Bykov would later say that he saw in Tarkovsky’s works a nostalgia “not aimed at the past” (Bykov, 1990, p. 155). What can this possibly mean? Isn’t nostalgia all about the past? And what kind of nostalgia can one attribute to a director whose vision of the past includes such things as the removal of jesters’ tongues? Wouldn’t this be the opposite of nostalgia? Bykov’s words, however, are not to be dismissed. Tarkovsky’s cinematic nostalgia, he said, replaced longing for a lost past with “a yearning for the future, whose roots he sought as an artist interested in history.” Like any good jester, Bykov gave conventional thinking a sly twist, and in doing so offered a gateway to a deeper understanding of Tarkovsky as a director, Andrei Rublev as a film, and the position of both filmmaker and film in Soviet culture.

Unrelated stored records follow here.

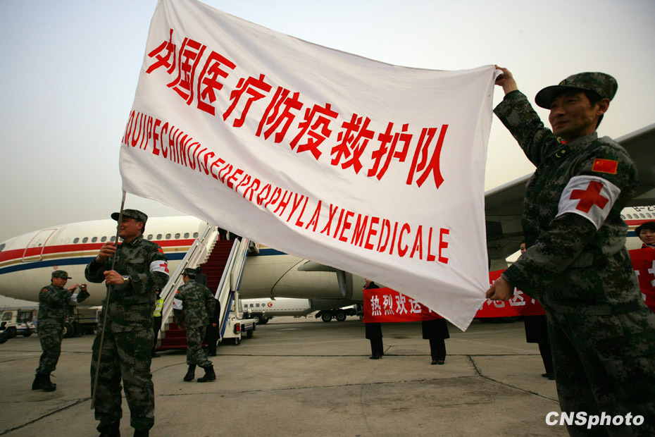 1月24日18時(shí),由中國人民解放軍醫(yī)護(hù)人員和管理人員組成的中國醫(yī)療防疫救護(hù)隊(duì)一行40人乘坐軍運(yùn)包機(jī)離開北京,啟程前往海地進(jìn)行人道主義救援任務(wù)。
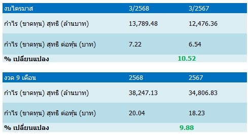 ส่วนงวด 9 เดือน ปี 2568 ธนาคารมีกำไรสุทธิส่วนที่เป็นของธนาคารจำนวน 38,247 ล้านบาท เพิ่มขึ้น 9.9% เมื่อเทียบกับงวดเดียวกันปีก่อนอยู่ที่ 34,806.83 ล้านบาท เป็นผลจากการบริหารสินทรัพย์ด้วยการกระจายแหล่งที่มาของรายได้ที่หลากหลาย ท่ามกลางความท้าทายทางเศรษฐกิจหลายด้าน โดยมีรายได้ที่มิใช่ดอกเบี้ยเพิ่มขึ้นส่วนใหญ่จากกำไรสุทธิจากเครื่องมือทางการเงินที่วัดมูลค่าด้วยมูลค่ายุติธรรมผ่านกำไรหรือขาดทุน และกำไรจากเงินลงทุน ขณะที่รายได้ดอกเบี้ยสุทธิลดลงตามทิศทางของอัตราดอกเบี้ย
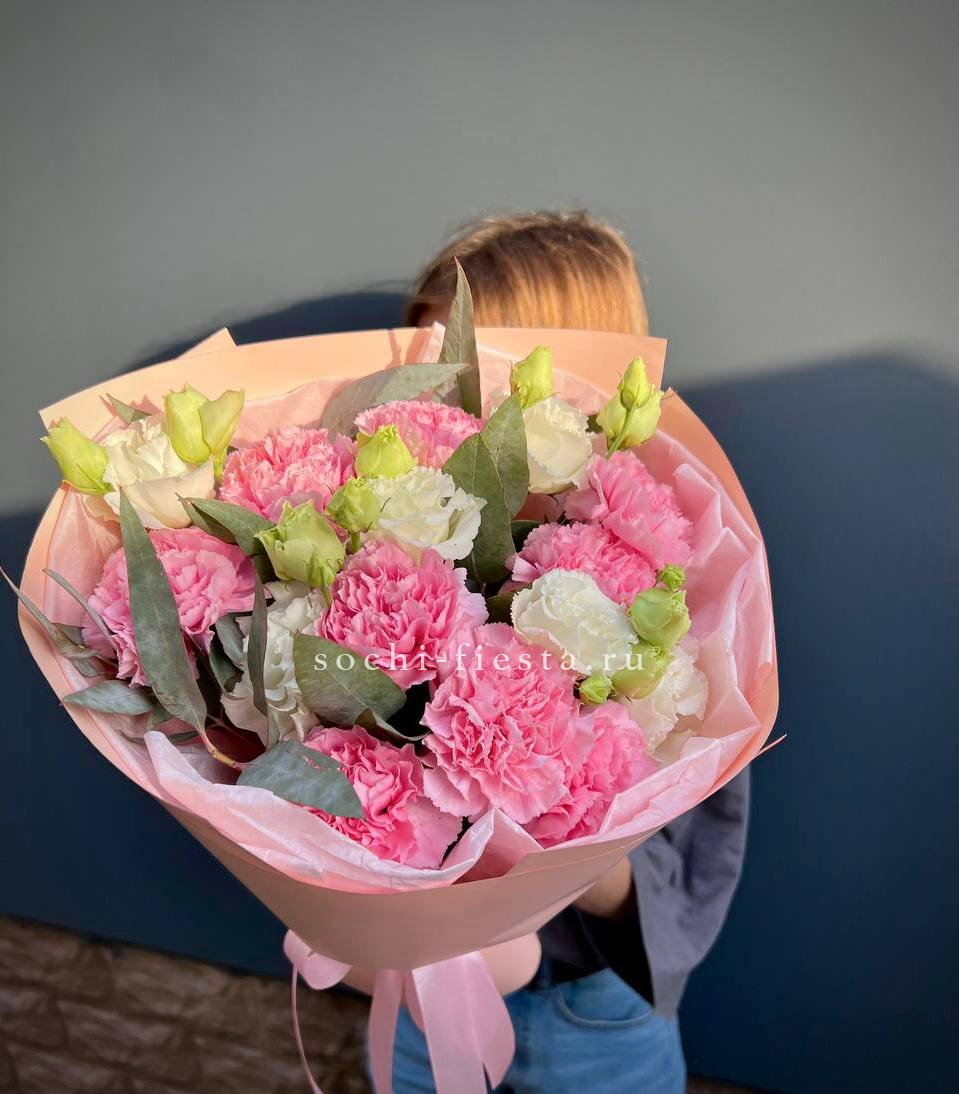 Воздушные соцветия кустовой хризантемы чередуются с яркими головками диантусов. Эвкалипт обрамляет букет серебристой зеленью, создавая лёгкое и свободное настроение.
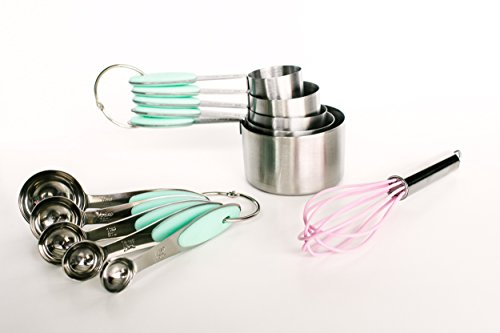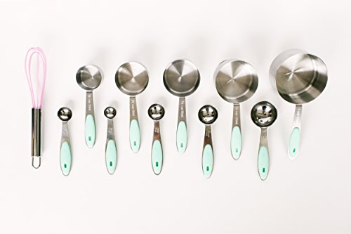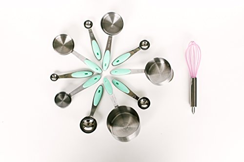 Deluxe Stainless Steel Measuring Cup and Spoon Set with Bonus Whisk...11 piece set of Measuring Cups and Spoons from The Hope Filled Home! (Mint)
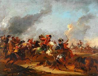 | Keywords: August Querfurt - Schlachtenmotiv.jpg Artwork Creator August Querfurt oil canvas cm 60 76 accession number object history credit line http //www arcadja com/auctions/de/private/querfurt_august/kunstwerken/23661/0/ Stockholms Auktionsverket 2005 12 02 lot 2459 via ARCADJA auction results PD-old-100 Hussars of the 18th century August Querfurt 18th-century paintings of cavalry in battle Baroque paintings of war Images from Stockholms Auktionsverket | ||||
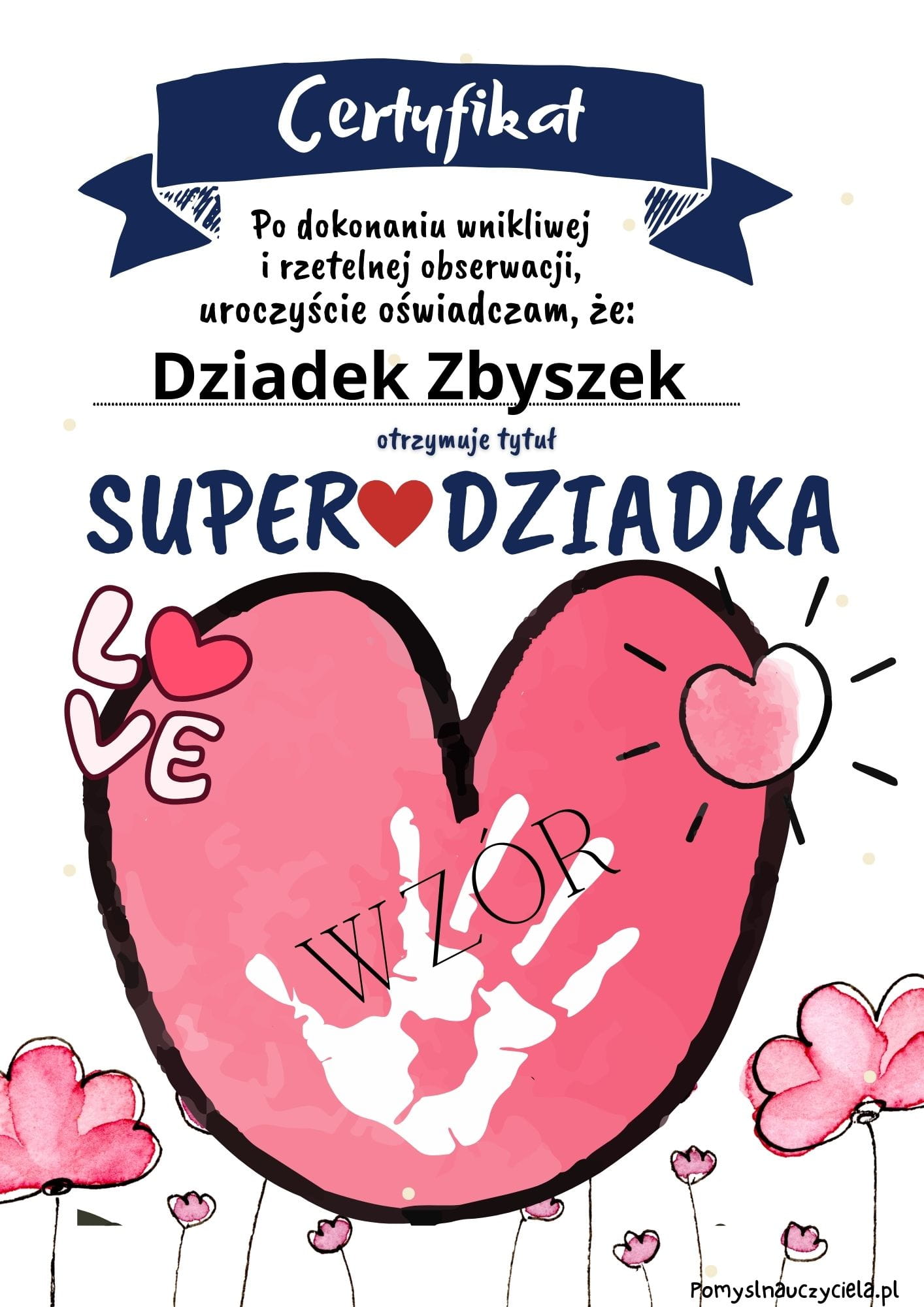 - 2 WZORÓW/A4 CERTYFIKATÓW DLA BABCI I DZIADKA, Z MOŻLIWOŚCIĄ ODBICIA RĄCZKI
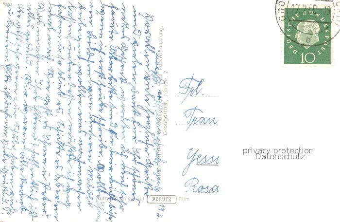 73644199 alte Postkarte Grossgartach Kirche Heuchelberger Warte Kindergarten Gartenschule Brunnen Rathaus Freibad postalisch gelaufen Erhaltung siehe scans [FriedD77] KatCode: 11110008125058
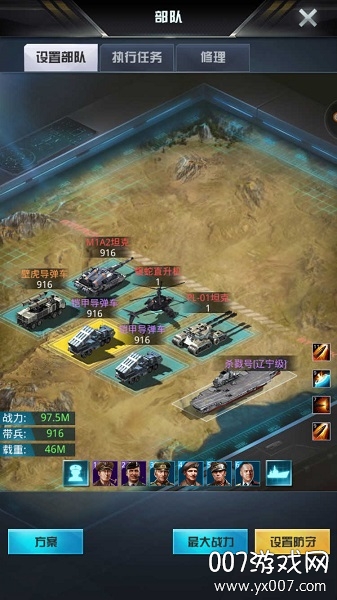 2、坦克,特种兵,飞机,和导弹车等等多种战斗单位供你调遣,还可以升级自己的军备物资;
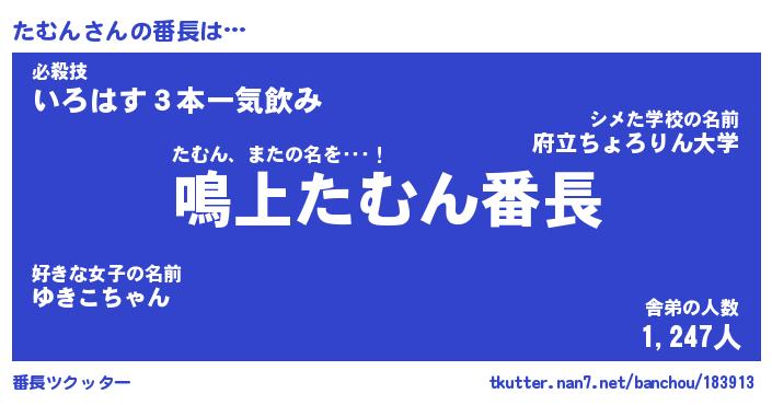 | ポケモン風あだ名 | 『タムチュウ』『タムンダネ』 |
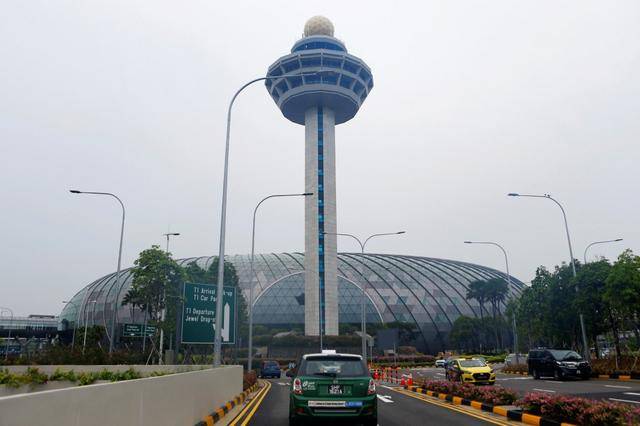 从路上可以看到樟宜机场的控制塔和星耀樟宜商场。
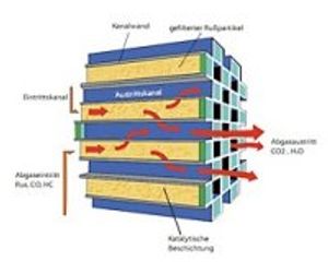 The DPFN++ system consists of ceramic monolith, sheathed with a stainless steel can and internal insulated with an elastic mat against vibrations. The filtration is achieved by a wall-flow method where the channels are plugged on one end and particles are remaining in the wall while the gas flows through the walls. A huge number of channels result in a big filter surface with a high storage capacity for soot particle.
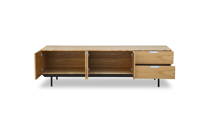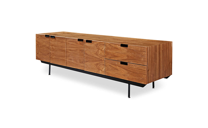 structure mid century modern credenza(结构世纪中期现代书柜)是Kardiel公司制作的经典实木家具。设计灵感来着 Cees Braakman于1958年的原创设计,其有着青铜色的脚架,镶嵌着把手。随着新技术和设计材料的使用,结构以焕然一新的样式出现,框架手工进行了精心雕琢,浑然天成又不失艺术性。制作采用精选MDF板基材胡桃木皮贴面、钢制脚架、环保油漆喷涂、做工精湛。
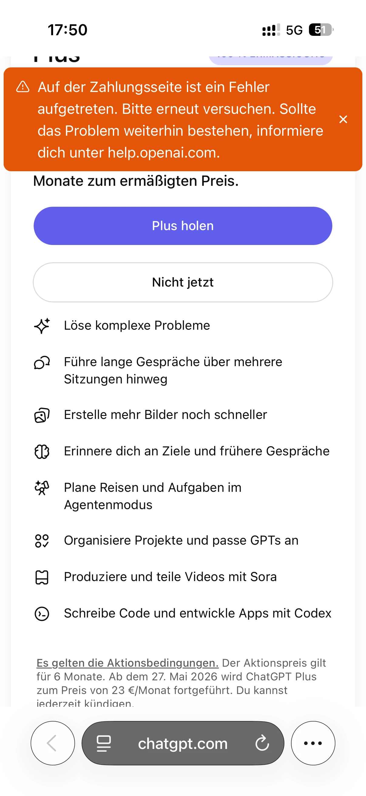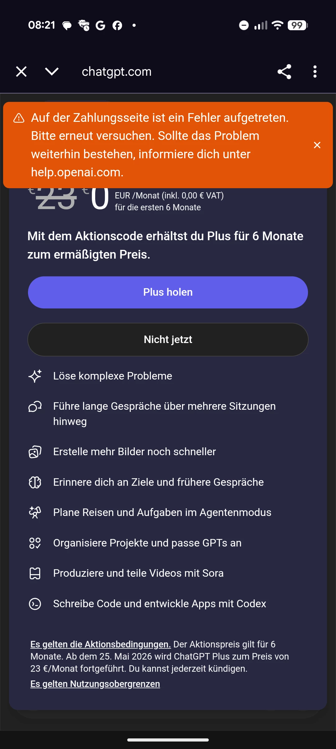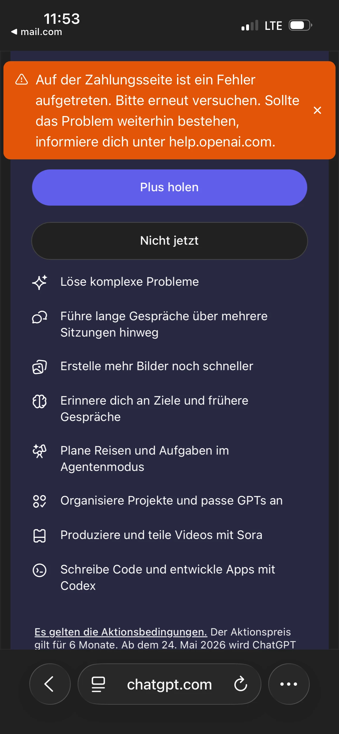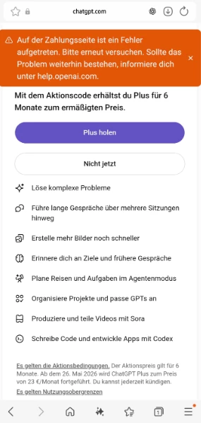 @NB_15 , was mir gerade noch zu deiner Fehlermeldung eingefallen ist: probiere bitte mal dich mit einer neuen Mailadresse für ChatGPT zu registrieren und dort dann den Code einzulösen. Das hat in einigen Fällen bei deiner Fehlermeldung geholfen 🙂
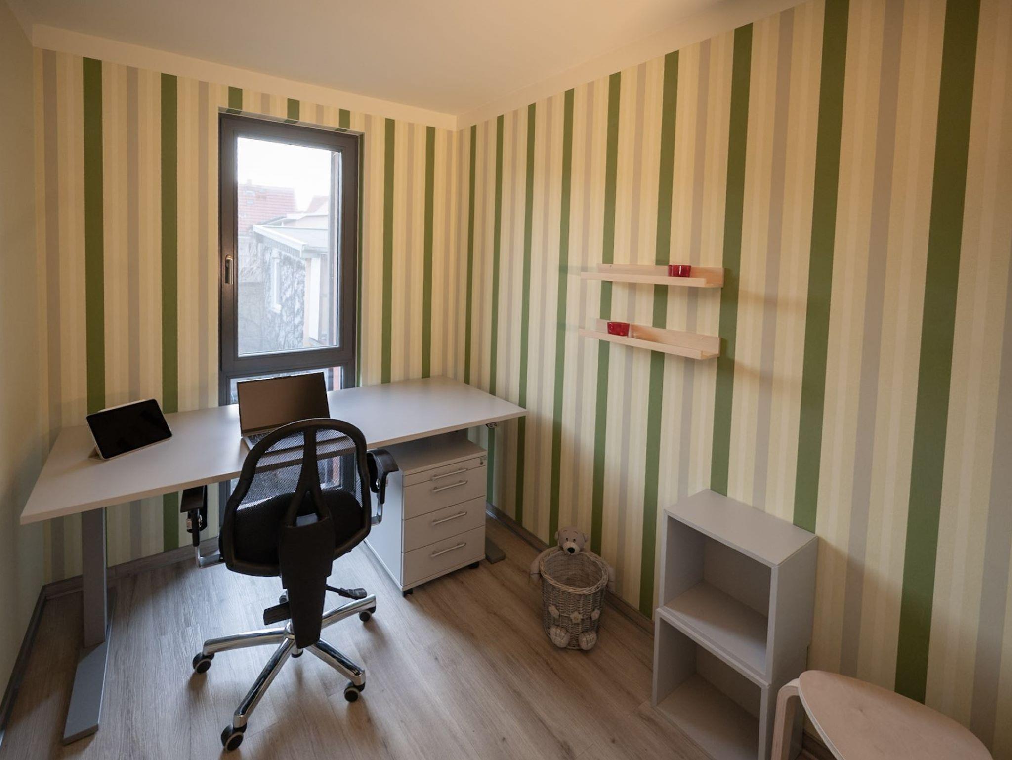 Für Gäste, die auch während ihres Urlaubs arbeiten möchten, steht ein separates Büro zur Verfügung. Ausgestattet mit einem Schreibtisch und einem Aktenschrank, bietet dieser Raum eine ruhige Atmosphäre, um konzentriert zu arbeiten oder wichtige Unterlagen zu organisieren.
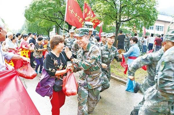 駐宿部隊(duì)抗洪搶險(xiǎn)后受到群眾的熱情歡送。
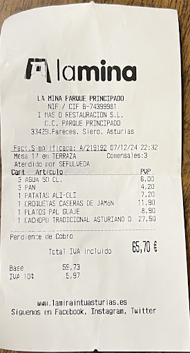 216,10€ gastamos en el restaurante de Lugones… Quiero decir con esto que en la Mina con sus precios, habríamos gastado en total, si “no nos hubieran echado”, cerca de 400€. Igual equivalía al ticket individual de casi 6 mesas… a lo mejor me equivoco pero no creo que ande muy desencaminado.
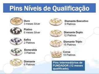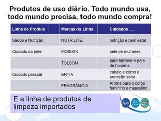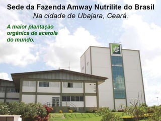 Este documento descreve a Amway, uma empresa de vendas diretas presente em mais de 80 países. A Amway faturou US$ 10,9 bilhões em 2011 e existe há mais de meio século. O documento explica como ganhar dinheiro na Amway através da revenda de produtos, formação de grupos e liderança. É possível ganhar de R$200 a R$10.000 dependendo do tamanho do grupo formado e da posição de liderança alcançada. Instruções sobre como se cadastrar na Amway também são fornecidas.

In this paper I will take up Bykov’s invitation and analyze the ways in which Andrei Rublev encourages and rewards a creative reconsideration of the very concept of nostalgia. In the first section, I outline the film’s narrative and point out the crucial questions it raises about the nature of hope and longing. The second section introduces and develops Svetlana Boym’s typology of nostalgia. Next, I discuss the conventional portrayal of Rublev as a historical figure and the film’s challenge to that portrayal. Finally, building on the ideas of Henri Bergson, I explore the ways in which the materiality of the film’s images embodies an ambiguous, open-ended, and highly spiritual brand of nostalgic longing. … [READ THE FULL ARTICLE HERE.]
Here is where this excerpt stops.